This module allows you to: - Load multiple audio files in various formats (MP3, WAV, M4A, FLAC) - Select from different Whisper model sizes based on your accuracy and speed requirements - Process files using either CPU or GPU acceleration - View and save transcriptions to text files
Main interface of the Transcriber Tab
Core Components
Transcriber Class
The Transcriber
class serves as the main interface for audio transcription functionality.
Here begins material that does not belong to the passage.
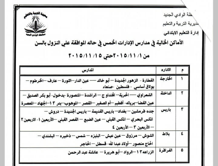 ٢٠١٥ بجميع الإدارات التعليمية حسب الأماكن الشاغرة فقط، والمرفق بيان بأسمائها، ولا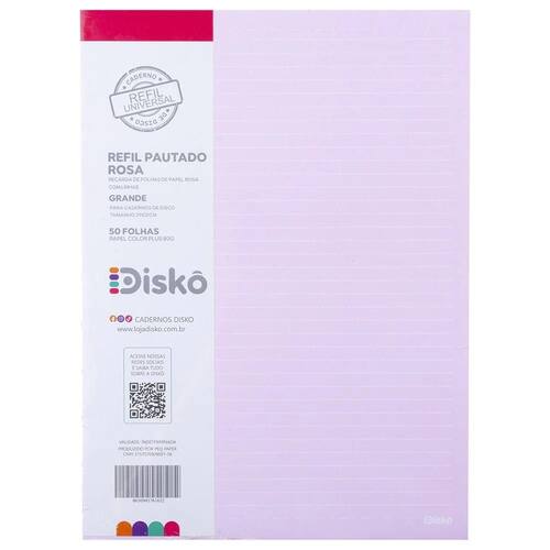 Refil Pautado Disko Rosa c/50 fls G 290X210cm Toque de Cor e Organização para Seu Caderno de Discos Mantenha seu caderno inteligente sempre vibrante e pronto para anotações com o Refil Pautado Disko na charmosa cor Rosa, no tamanho G Grande . Projetado especificamente para sistemas de discos, este refil garante que suas anotações sejam organizadas e seu material escolar tenha um toque de personalidade.

It manages the transcription process and provides methods for saving results and querying available resources.
Methods
Method | Description | Parameters | Returns |
---|---|---|---|
transcribe_files() |
Starts transcribing audio files using a worker thread | audio_files : Dict[str, bytes] - Dictionary mapping filenames to file contentmodel_name : str - Whisper model name to use |
Returns the worker thread that can be connected to signals |
save_transcriptions() |
Saves transcriptions to text files | transcriptions : Dict[str, str] - Dictionary with filenames as keys and transcriptions as valuesoutput_dir : str - Directory to save files |
List[str] - List of paths to saved transcription files |
get_available_devices() |
Gets list of available devices for transcription | None | List[str] - List of available devices (CPU and GPUs if available) |
get_available_models() |
Gets list of available Whisper models | None | List[str] - List of available model names |
TranscriberWorker Class
The TranscriberWorker
class extends QThread
to handle audio transcription in a background thread, keeping the UI responsive during processing.
Signals
Signal | Description | Parameters |
---|---|---|
progress_updated |
Emitted to update progress | int : progress percentage, str : status message |
transcription_completed |
Emitted when transcription is done | dict : dictionary of transcriptions |
error_occurred |
Emitted when an error occurs | str : error message |
User Interface
The TranscriberTab class provides the user interface for the audio transcription functionality.
UI Components
- Audio Files Panel:
- File list showing loaded audio files
-
Load and Clear buttons for file management
-
Transcription Controls:
- Model selection dropdown (tiny, base, small, medium, large)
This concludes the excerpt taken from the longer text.